Faire Mitgliedschaft

Als soziales Kollektiv entschied man sich in puncto Finanzierung für ein faires, flexibles Mietsystem. Bewusst wird bei den einzelnen Verträgen auf eine Mindestlaufzeit verzichtet, um so kein Mitglied bei Engpässen in Schieflage zu bringen. Auch die Mietbeiträge ermittelt man gerecht für den Einzelnen, worin sich das KAOS von den festen Tarifsätzen anderer Spaces unterscheidet. Um den jeweiligen Betrag zu berechnen, werden zunächst mehrere individuelle Faktoren als Privatmiete definiert. Hier sind etwa die Dauer der Mitgliedschaft, die Höhe des Einkommens sowie die gebuchte Flächengröße relevant. Ebenfalls wichtig ist, ob die Person permanent Starkstrom bezieht oder einen besonderen Vorteil für die Gemeinschaft mit einbringt – wie etwa ein Spezialgerät.

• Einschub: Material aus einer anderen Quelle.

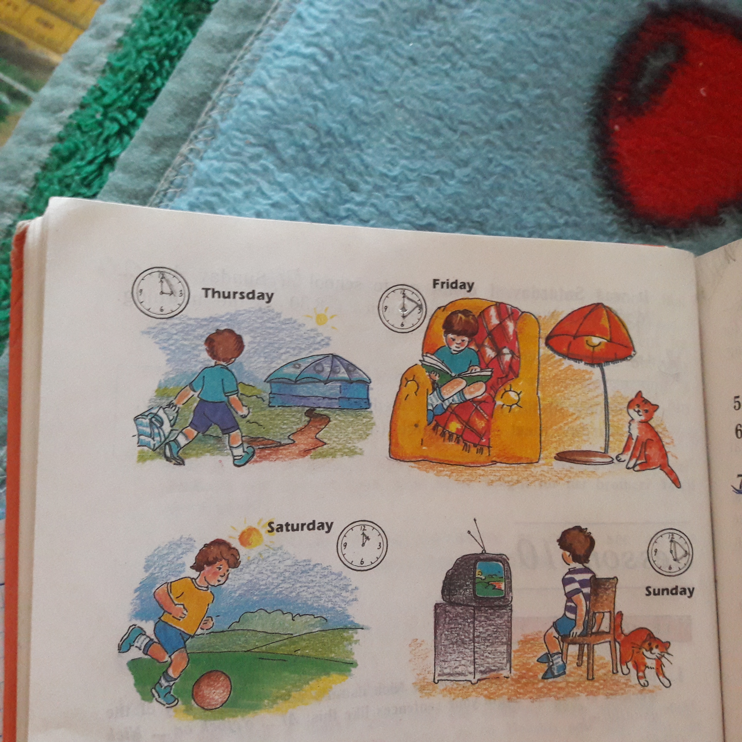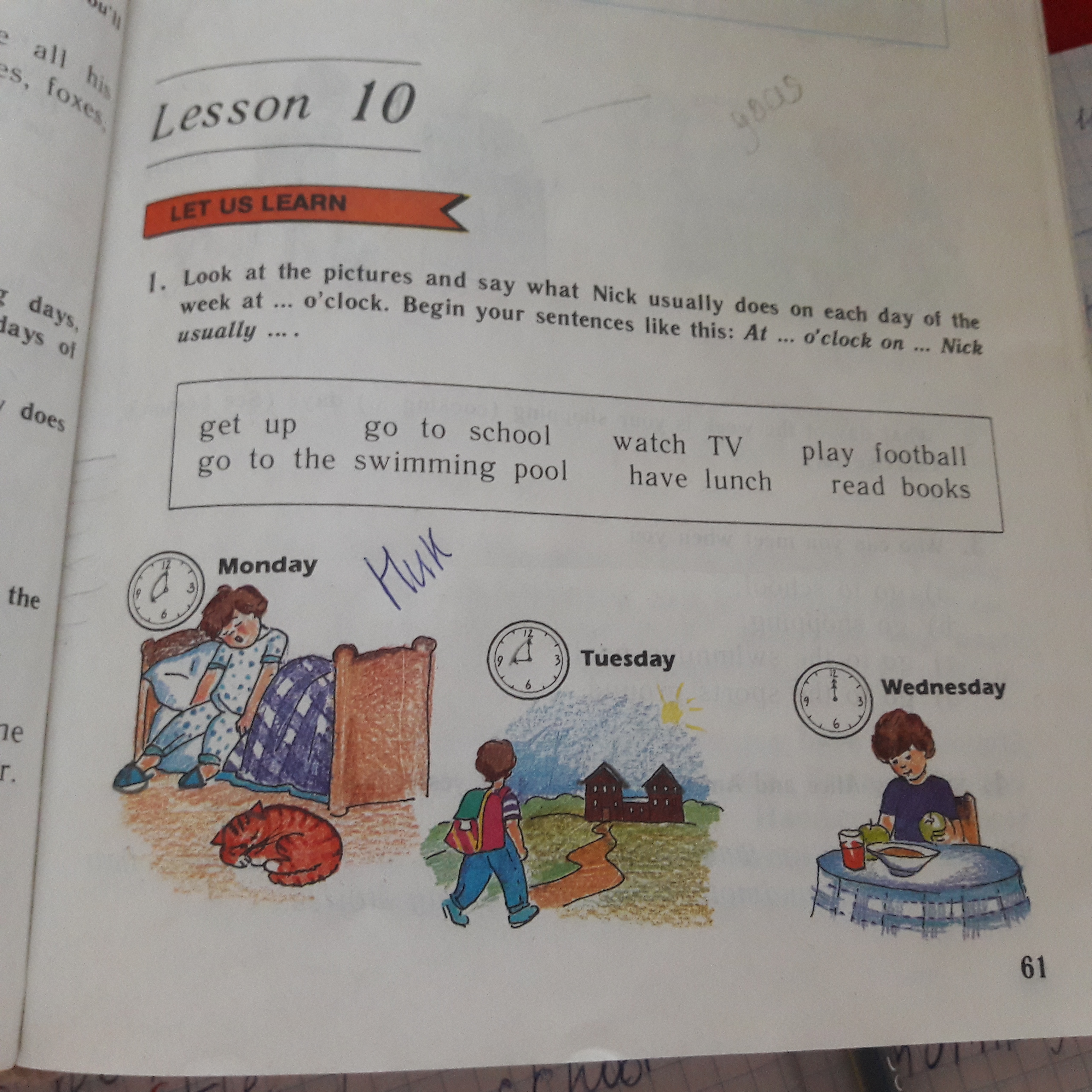 At eight o`clock on Monday Nick usually gets up. At nine o`clock on Tuesday he usually goes to school. At twelve o`clock on Wednesday Nick usually Has lunch. At three o`clock on Thursday he usually Goes to the swimming pool/ At six o`clock on Friday he usually reads books. At one o`clock on Saturday Nick usually plays football. At five o`clock on Sunday Hick usually watches TV.

Je nach Mitgliedschaft können die Faktoren entsprechend variieren und sich mit der Zeit auch verändern. Zum individuell ermittelten Mitgliedsbeitrag kommen im zweiten Schritt die monatlichen Realausgaben hinzu: Netto-Kaltmiete, Energie- und Betriebskosten, Personal, Marketing, aber auch Kosten für die allgemeine Grundversorgung wie Kaffee- und Teevorräte.

Ein Macher für Macher

Anders als im hippen Berlin mutet die Cocrafting-Idee von Michael Schmutzer aus dem mittelfränkischen Neuselingsbach an. Als Unternehmer entwickelt er…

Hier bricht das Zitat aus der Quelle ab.